I was inspired to write this post today because of a podcast I listened to earlier today that also inspired me to get more proactive, assertive and empowered about my health. I'm a big fan of Jillian Michaels of Biggest Loser fame and I have been listening to her podcast in the car lately. In a recent episode, she was joined by Dr. Van Herle (the endocrinologist she worked with on Losing It) and something about the knowledge and passion and all the major issues they were discussing just inspired me to get my butt to the doctor! My neuro nags me every visit about finding a primary care physician, and it's been on my to-do list (the place tasks go to die, usually) for ages. Now's the time. Next week, I'm going to make appointments with an internist, a gynecologist, a dentist, and an optometrist! It's time to think big picture with my health. Managing MS is only one piece of the puzzle. My MS has actually made me more grateful for my body than I've ever been. I want and need to take care of it. It's a monumental task, but I'm feeling up for it!

I'm off for a week in Colorado to visit some family. The breathtaking scenery out there is always a huge inspiration as well. I can't wait to get out hiking in the mountains and really put this body to use!

Garden of the Gods  ~ Colorado Springs, CO
CLICK ON THIS PIC TO SEE IT LARGER. YOU WILL NOT REGRET IT!!

Sunday, March 13, 2011

MS =

It's been over a month since I've posted, oopsie! I have been working on a few different posts, but they're still in the draft stage, as I have a lot to say and want to say it well. Hopefully, I'll get them done soon. In my defense, it's been an abnormally busy stretch for me.

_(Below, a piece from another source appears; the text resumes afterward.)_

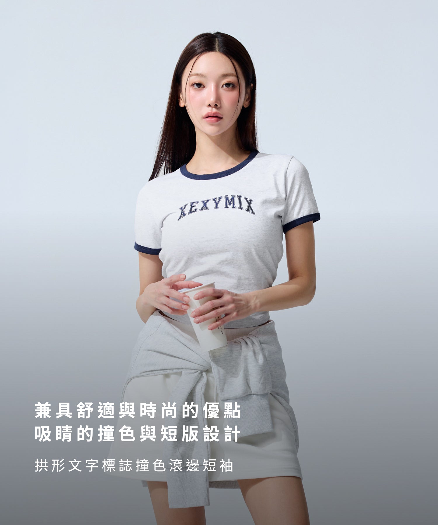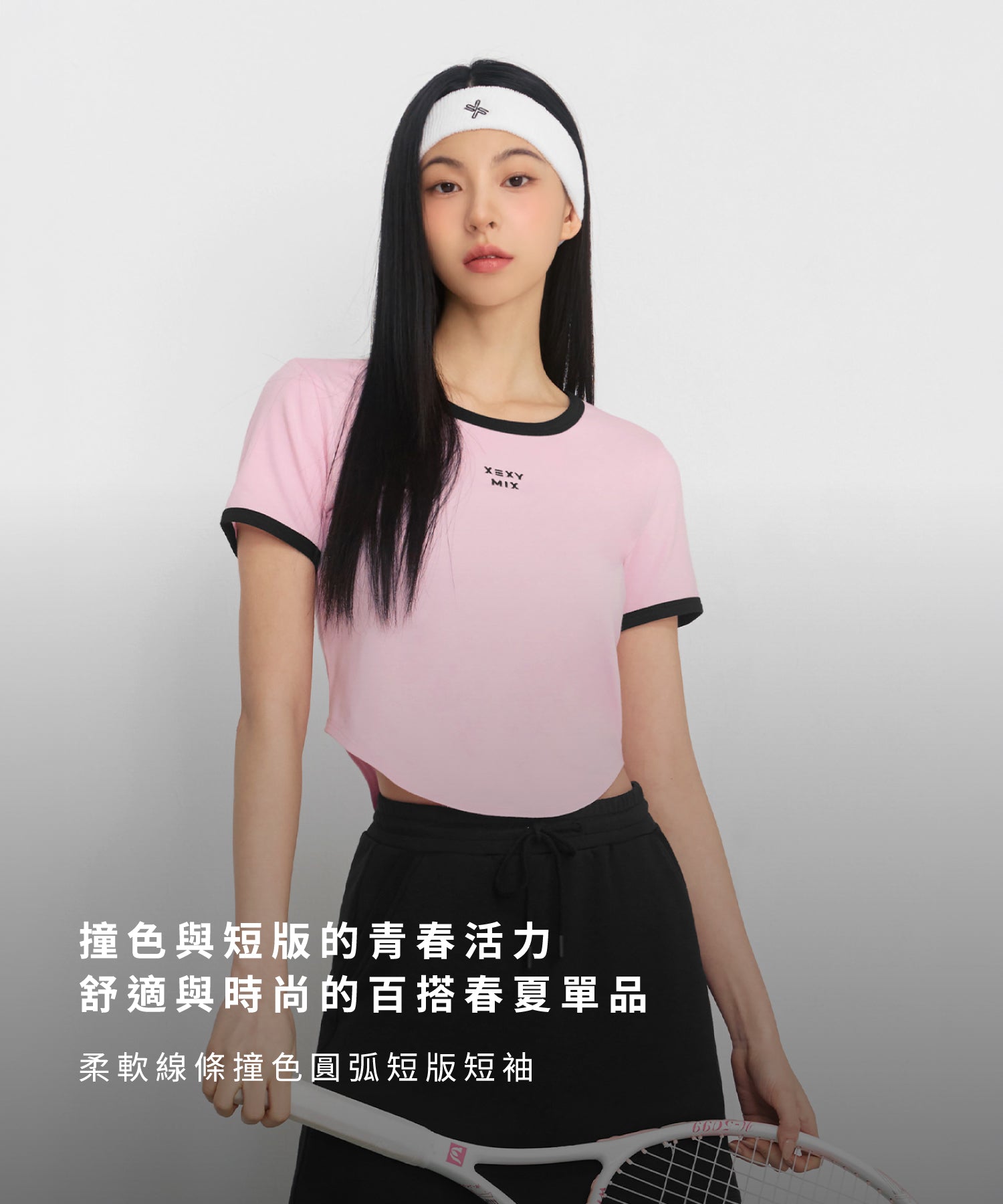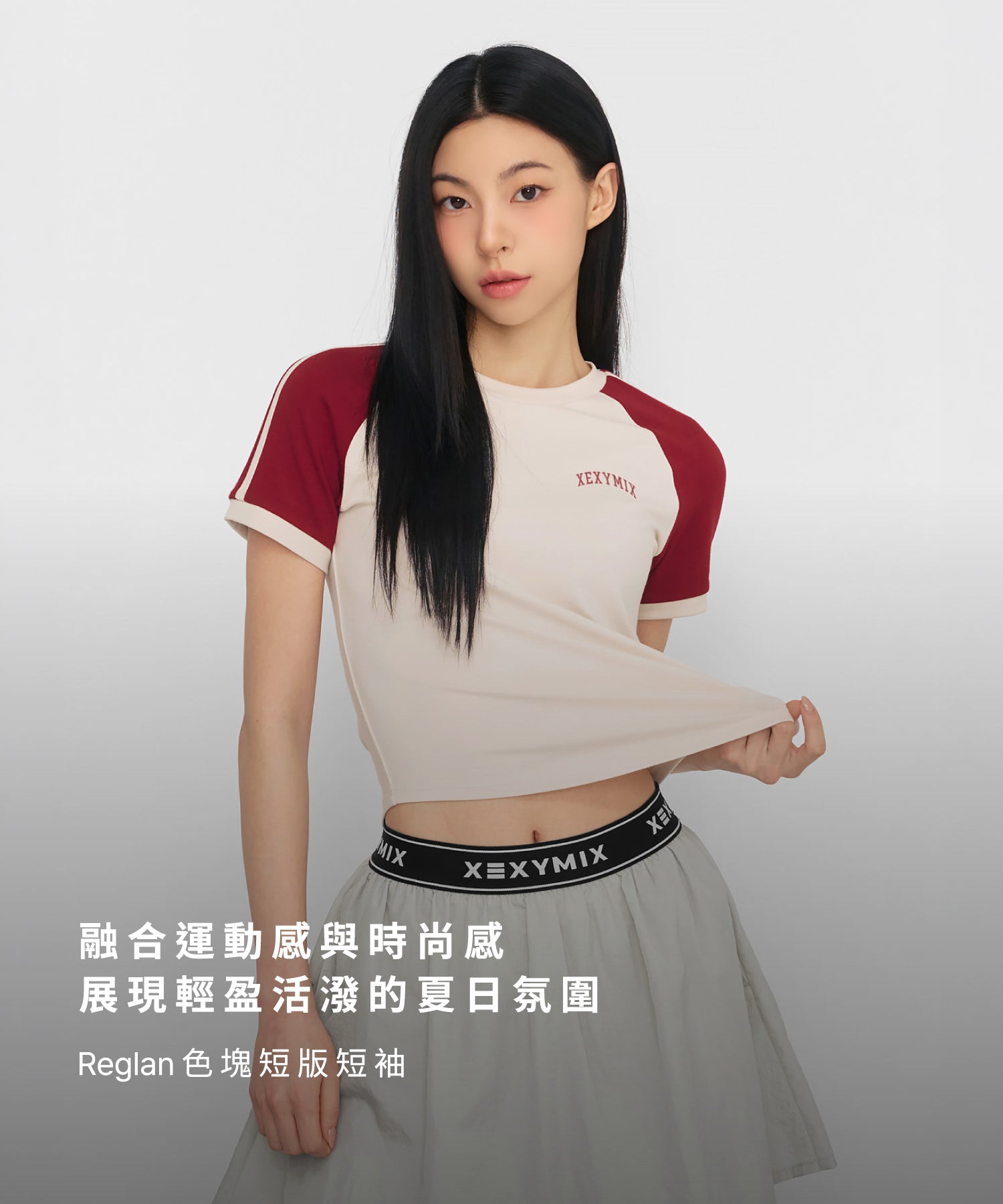 柔軟線條撞色圓弧短版短袖上衣|共3色|XFK2TS1105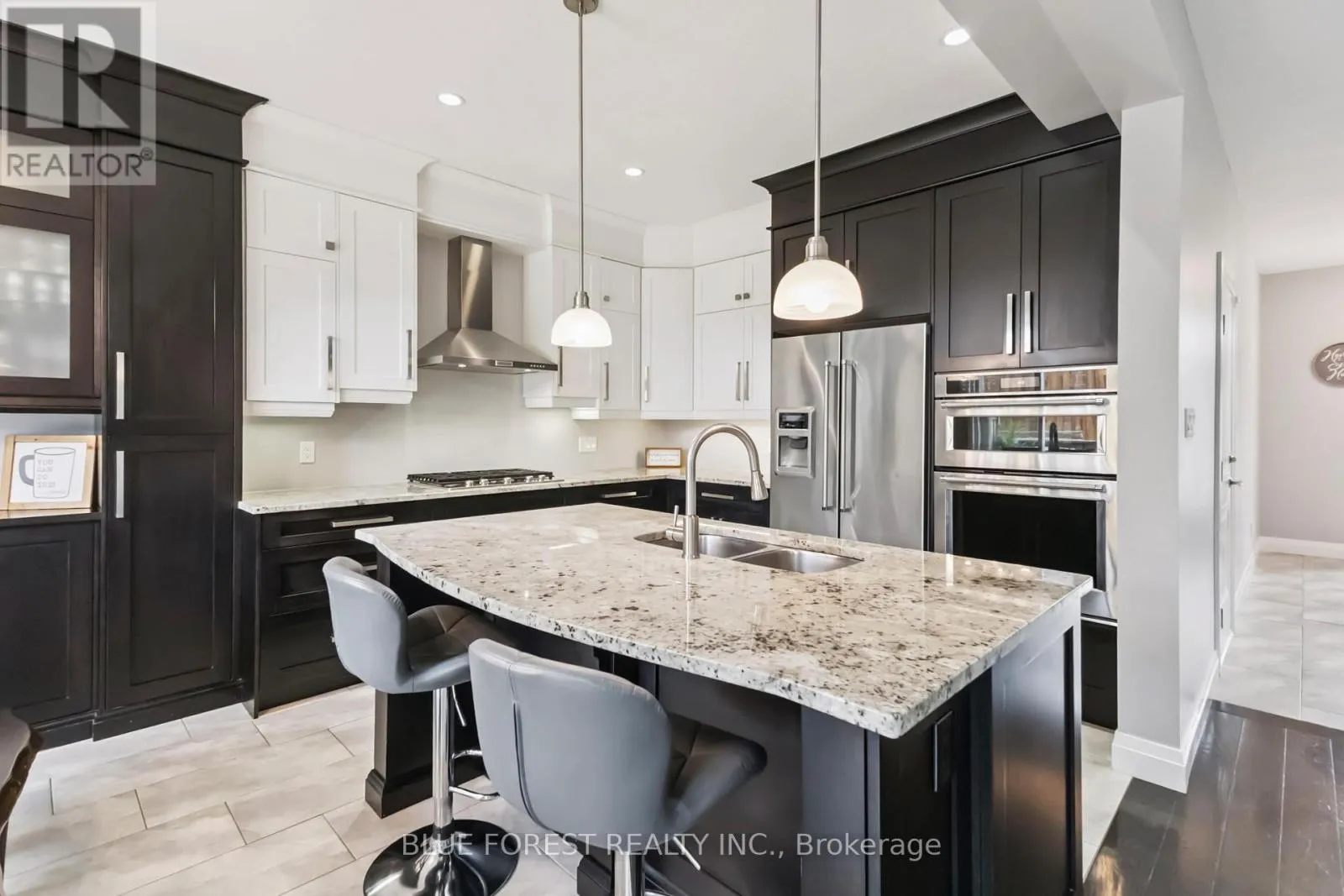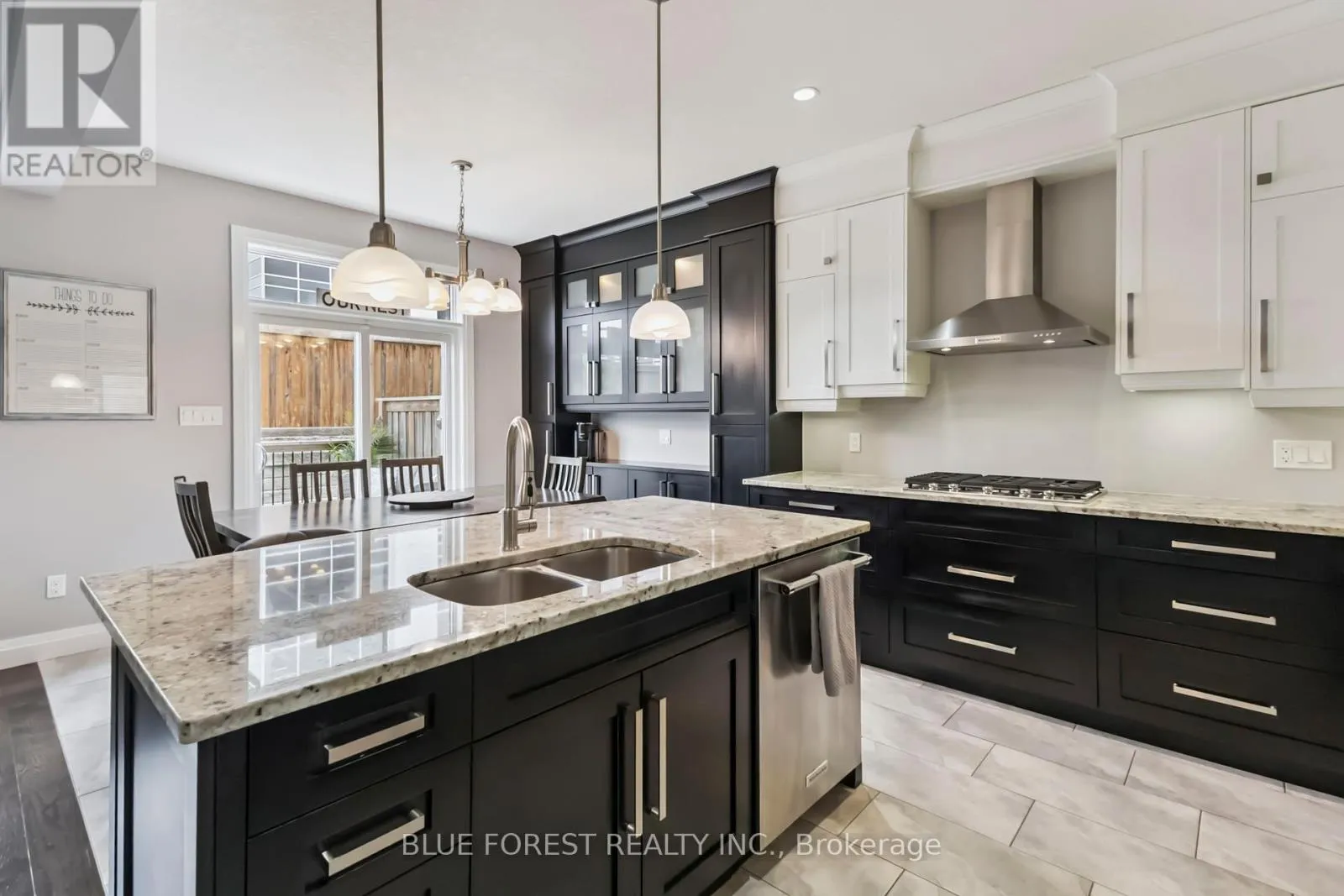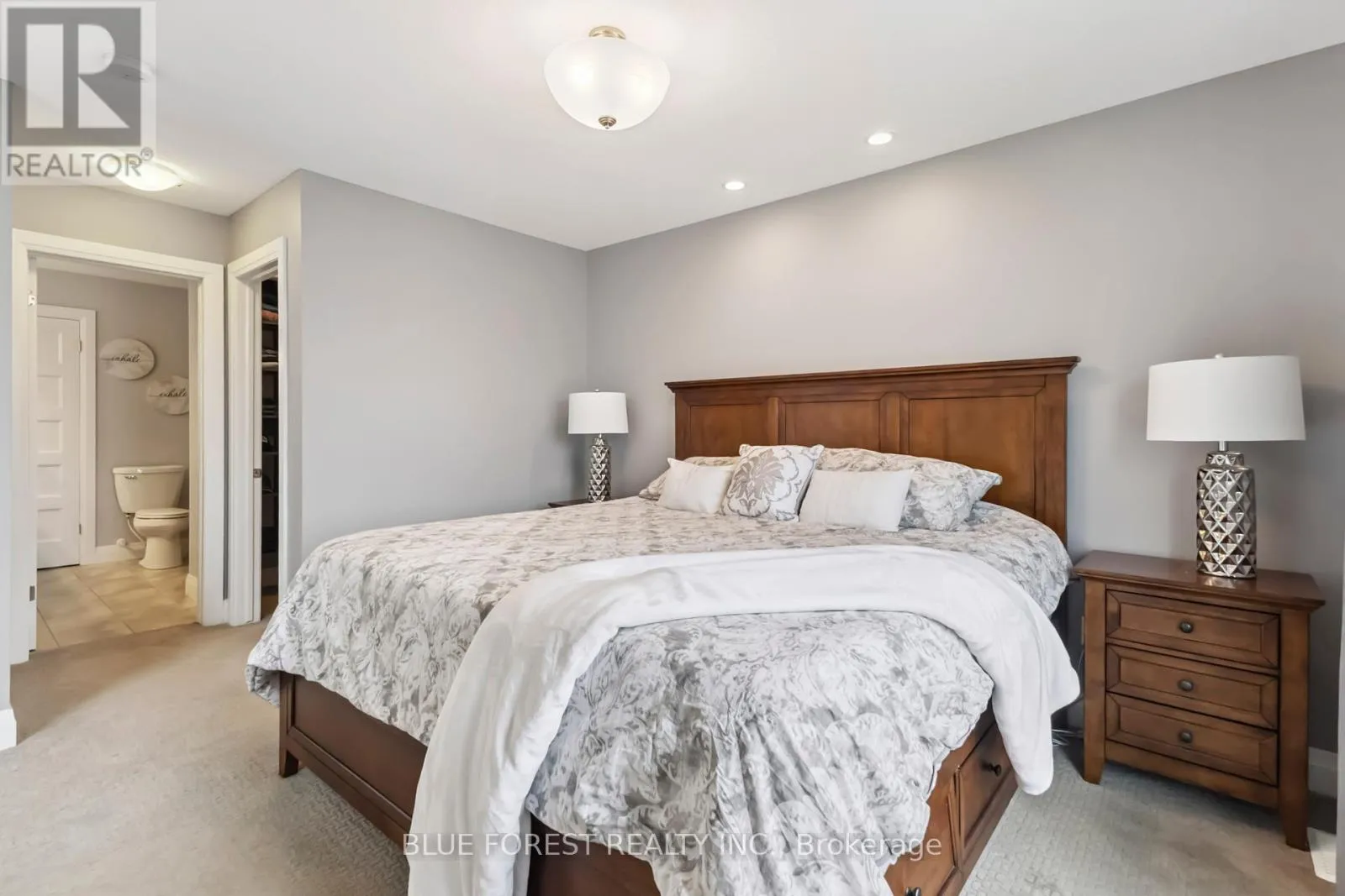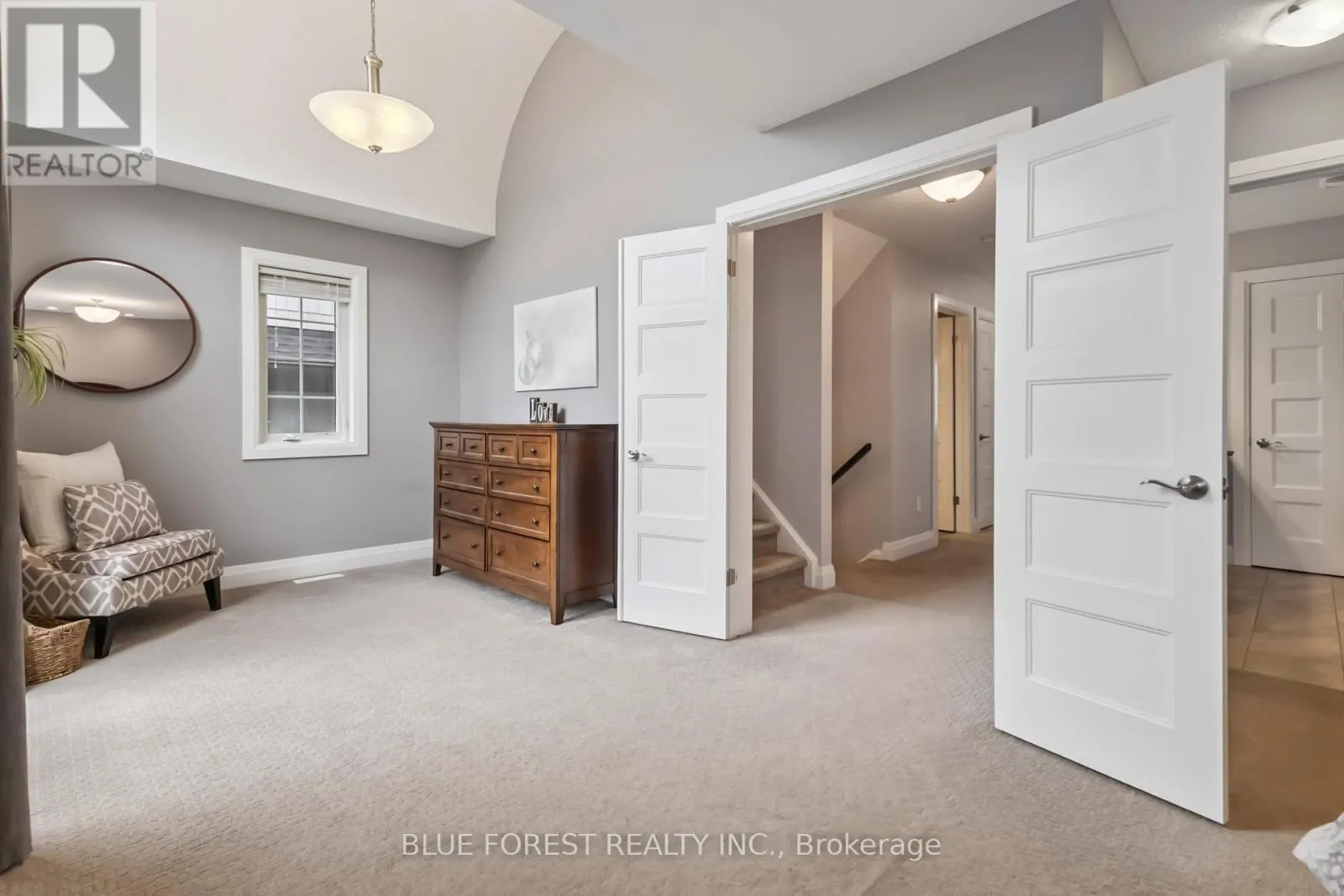 Cross Streets: Richmond St. & Sunningdale Rd. ** Directions: North on Richmond St, West on Sunningdale Rd, North on Meadowlands Way, East on Callaway Rd. Take a right into the complex, then take your second left, and the unit is straight ahead. Welcome to this beautifully upgraded end unit condo that's arguably the most desirable in the entire complex. With no rear neighbours and one of the most sought-after floor plans, this rare offering combines luxury, privacy, and thoughtful design across 2,100 square feet of living space. Built in 2016 and meticulously maintained, this home features 3 oversized bedrooms, 3 bathrooms, and a spacious third-level bonus room with a rough-in for a fourth bathroom, perfect for use as a family room, guest suite, bedroom, or home office. The open-concept custom kitchen is a showstopper, featuring a gas cooktop, built-in oven and microwave, granite countertops, an undermount sink, and a gorgeous custom bar area with built-in cabinetry. Granite countertops, undermount sinks, and custom-built-in closets are found throughout the home. The second level features a massive primary bedroom with a walk-in closet and a stunning 4-piece ensuite. Two additional generous bedrooms and another full bathroom complete this level. The unfinished lower level offers a blank canvas for your dream rec room or additional living space. Located in prestigious Upper Richmond Village, you're just minutes from Western University, University Hospital, Masonville Place, Sunningdale Golf & Country Club, the Medway Valley Heritage Forest, and top-rated schools. This immaculate, move-in-ready home offers an unmatched blend of location, layout, and luxury. Don't miss your chance, book your private showing today! (id:27476)

Speaking of being busy, MS Awareness week flew right past me. Not that I usually do anything to commemorate the week, but I thought I might at least put up a Facebook status or something this year. I want to get more involved in MS activism, and I know that awareness is important. After all, I didn't really know the first thing about the disease until I was diagnosed myself.

My schedule for this last week or so really highlights for me what MS is in my life. My pre-MS self and probably most of my peers would look at my schedule for this past week and laugh at how easy, relaxing and relatively stress free the week would be. To me, however, this week was utterly exhausting and I feel like it was a monumental achievement to make it through to the end. In order to make it through, I had to carefully adjust my medication regimens and do my best to get as much sleep as I could, while avoiding many activities I would normally do in an average day. I think that to an unknown outsider, I would have successfully passed for a healthy young professional, which I suppose was my goal. Behind the scenes, though, I was doing a careful MS-choreographed dance.



I'm not going to answer the question posed by my subject line, a reference to the current MS Society campaign. That would require a less fuzzy brain. So, this is not my "official" answer, but for me one thing that MS equals is a choreographer. It determines the dance, but I'm still the dancer. And you better believe I'm going to stretch to the limits of creativity and artistry within the confines my choreographer sets!

(OK, actually that's not too bad. I kind of like it. Good work, fuzzy brain!)